Uses code and ideas from Brian Paul.
---
 src/gallium/auxiliary/gallivm/lp_bld_conv.c | 32 ++++++++++-------------------
 1 file changed, 11 insertions(+), 21 deletions(-)

(limited to 'src/gallium/auxiliary/gallivm/lp_bld_conv.c')

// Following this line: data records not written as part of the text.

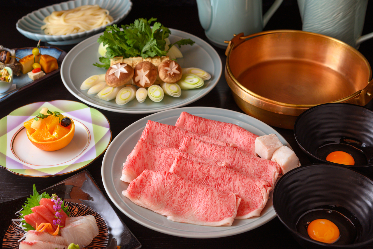 すき焼き又はしゃぶしゃぶをご予約時にお選びくださいませ。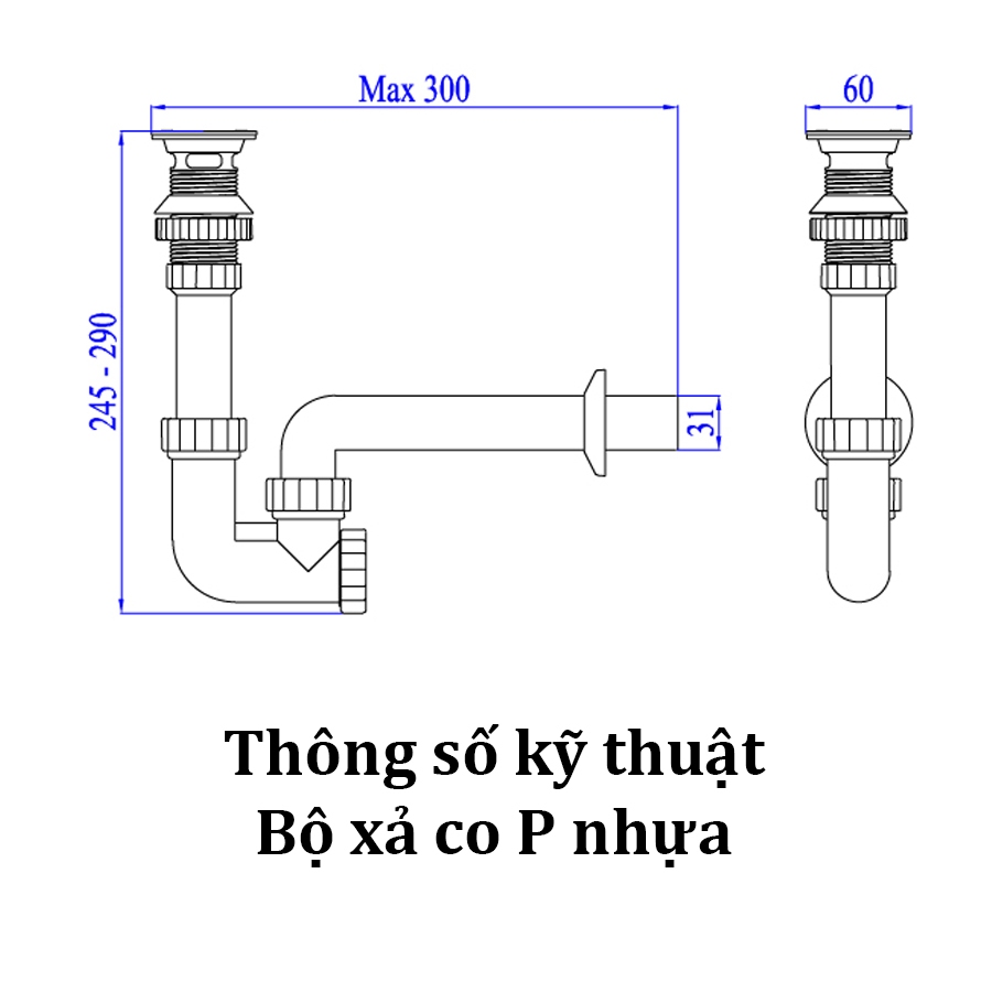 Co thoát chữ P: Được làm bằng nhựa ABS bền bỉ và thân thiện với môi trường, với các ron cao su chắc chắn. Thiết kế thông minh với ốc đổ rác, dễ dàng tháo lắp và vệ sinh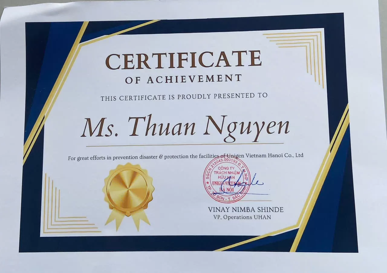 Ban lãnh đạo Công Ty TNHH Unigen Việt Nam xin trân trọng ghi nhận và gửi lời khen thưởng tới toàn thể đội ngũ bảo vệ của TRƯỜNG THÀNH TISTCO vì tinh thần trách nhiệm và sự tận tụy không mệt mỏi trong công tác khắc phục hậu quả bão Yagi. Những nỗ lực và đóng góp này không chỉ góp phần đảm bảo an toàn cho mọi người mà còn thể hiện tinh thần trách nhiệm, đoàn kết chung sức vượt qua khó khăn của TRƯỜNG THÀNH TISTCO với tập thể Công ty TNHH Unigen Việt Nam.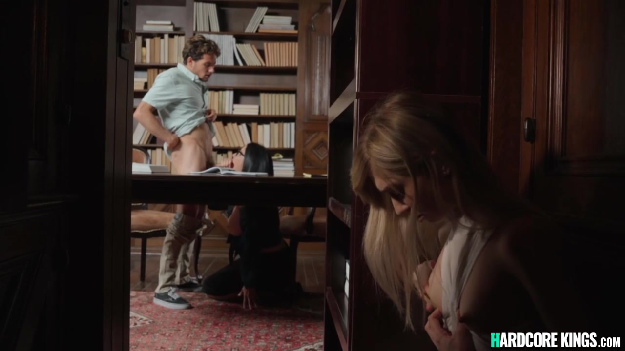Blonde teen Mackenzie Moss caught her big tits stepmom librarian Reagan Foxx while sucking cock to her bf Tyler Nixon and then joined them in threesome

diff --git a/src/gallium/auxiliary/gallivm/lp_bld_conv.c b/src/gallium/auxiliary/gallivm/lp_bld_conv.c
index 3f7f2ebde9..5e7260dc21 100644
--- a/src/gallium/auxiliary/gallivm/lp_bld_conv.c
+++ b/src/gallium/auxiliary/gallivm/lp_bld_conv.c
@@ -83,6 +83,9 @@
  *
  * Although the result values can be scaled to an arbitrary bit width specified
  * by dst_width, the actual result type will have the same width.
+ *
+ * Ex: src = { float, float, float, float }
+ * return { i32, i32, i32, i32 } where each value is in [0, 2^dst_width-1].
  */
 LLVMValueRef
 lp_build_clamped_float_to_unsigned_norm(LLVMBuilderRef builder,
@@ -152,6 +155,8 @@ lp_build_clamped_float_to_unsigned_norm(LLVMBuilderRef builder,
 
 /**
  * Inverse of lp_build_clamped_float_to_unsigned_norm above.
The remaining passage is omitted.